What a wonderful image: bankers digging in their "claws" to wrest bundles of cash from other bankers' grasps. A "clawback" is not a "giveback," which implies something much gentler, and perhaps voluntary.

The evolution of the animal "claw" to human "clawback" is actually several hundred years old, though it arrived on American shores relatively recently.

The Oxford English Dictionary says "clawback" was first used as a noun in 1549 to describe "one who claws another's back; a flatterer, sycophant, parasite, ‘toady.'" Its first financial use as a verb, the OED says, was in The Economist in 1953: "[T]ax relief was clawed back from surtax payers."

But before 2002, "clawback" as a noun or verb (with the verb usually two words) was used almost exclusively in British publications, and almost exclusively in reference to reclamation of taxes. The first reference in an American publication that shows up in Nexis is from a 1981 article in The New York Times, referring to a "so-called ‘clawback' provision, allowing British corporations fined for triple damages by a United States court to recover double damages from an adversary's assets in Britain." Still British, though with a foot (a paw?) on American shores.

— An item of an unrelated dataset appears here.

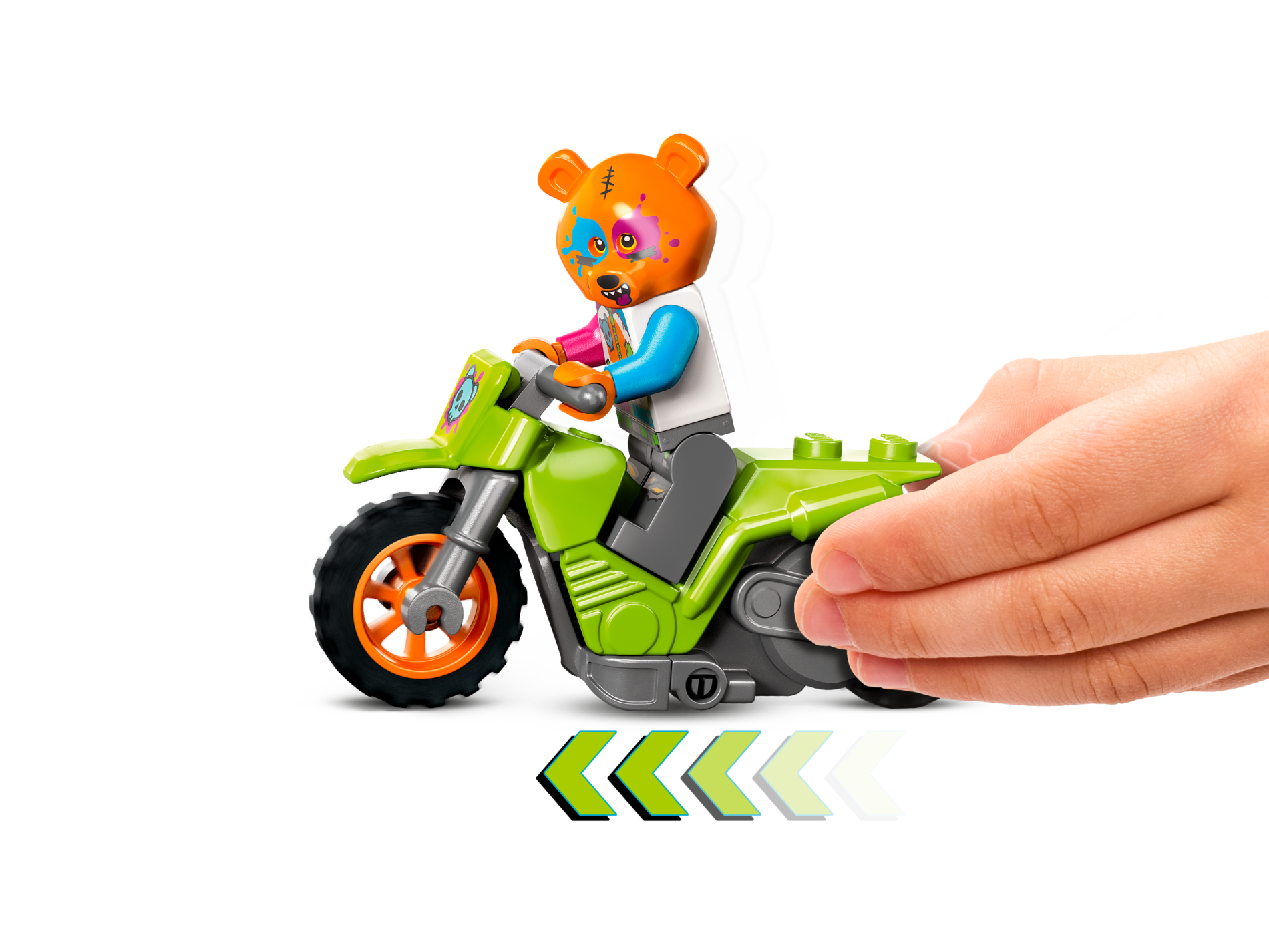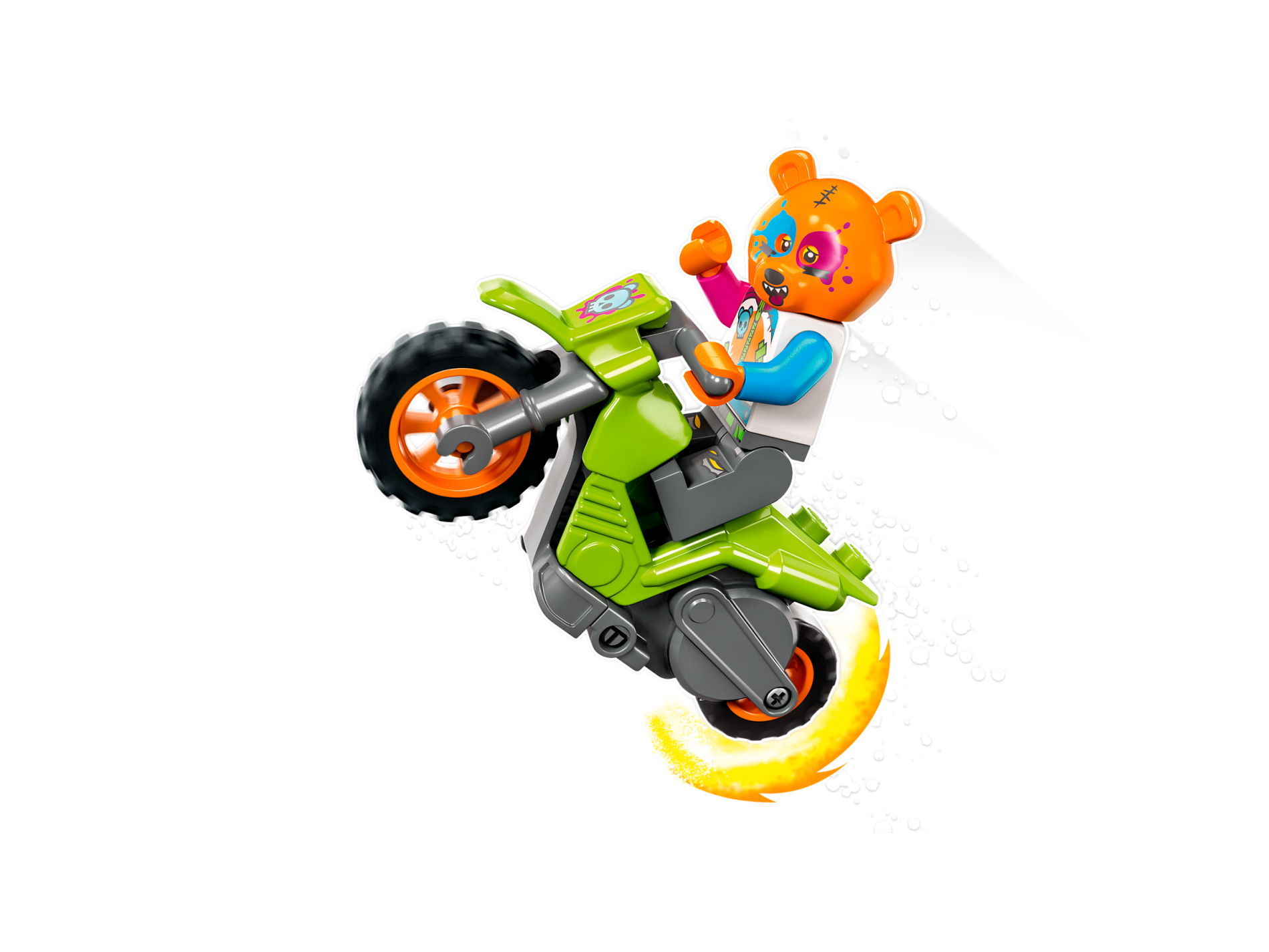 Stuntz Flywheel Motorcycle Dirt Bike with Dark Bluish Gray Frame and Handlebars, Orange Wheels, and Metallic Light Blue Bear Skull on Magenta Splotch Pattern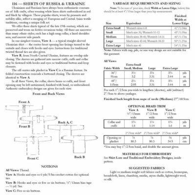 Folkwear Patterns with Timeless Style Folkwear 116 Shirts of Russia Ukraine Blouse Dress Robe European Traditional Sewing Pattern (Pattern Only) folkwear116 Sizes: Misses 6-20; Men's 32-48. These popular shirts reflect a merging of European and Central Asian traditions, and can easily be lengthened for versatile dress or robe styles. Three neck opening variations, including center front and side front. Make the basic design quickly and then embellish it with authentic embroidery motifs. Historical lore and embroidery instructions included. Suggested fabrics: Light or medium-weight soft fabrics such as cotton, broadcloth, linen, chambray, muslin, rayon challis, lightweight wool, or silk. Combine other Supplies or Fabrics from our store for shipping discount. Michigan Residents add 6% Sales Tax.

Merriam-Webster's Unabridged Dictionary lists the noun "clawback" only with the sycophant definition; of the verb "claw back," M-W says: "chiefly British: to get back (as money) by strenuous or forceful means (as taxation)." The 2006 fourth edition of The American Heritage Dictionary doesn't list "clawback" at all, but the 2011 fifth edition does: "The recovery of money that has been disbursed, as by a government, pension, or company."

Webster's New World Finance and Investment Dictionary has an excellent explanation of both the definition and etymology of "clawback" as Dimon used it:

"A clawback requires venture capitalists to refund fees to their investors if it turns out that the venture capitalists received more than their 20 percent share of a fund's overall profits. Clawbacks became common in 2002, occurring when a venture capitalist took its 20 percent share of a fund's early investment success, but the fund later lost money."

Most American uses of "clawback" now are related to getting back money from the people who profited even though the investments they recommended or guided ended up losing money. Many "clawback" suits, for example, seek to reclaim money from investors who profited from the Madoff Ponzi scheme, to defray the losses of others.

But the tax-related use of "clawback" has also surged in the United States: Many municipalities now have "clawback" provisions when they grant tax incentives to companies; if a company does not fulfill its part of the bargain, a municipality can seek to "claw back" some of the lost taxes.

A lesson for Wall Street, perhaps, more bear clawish than bullish.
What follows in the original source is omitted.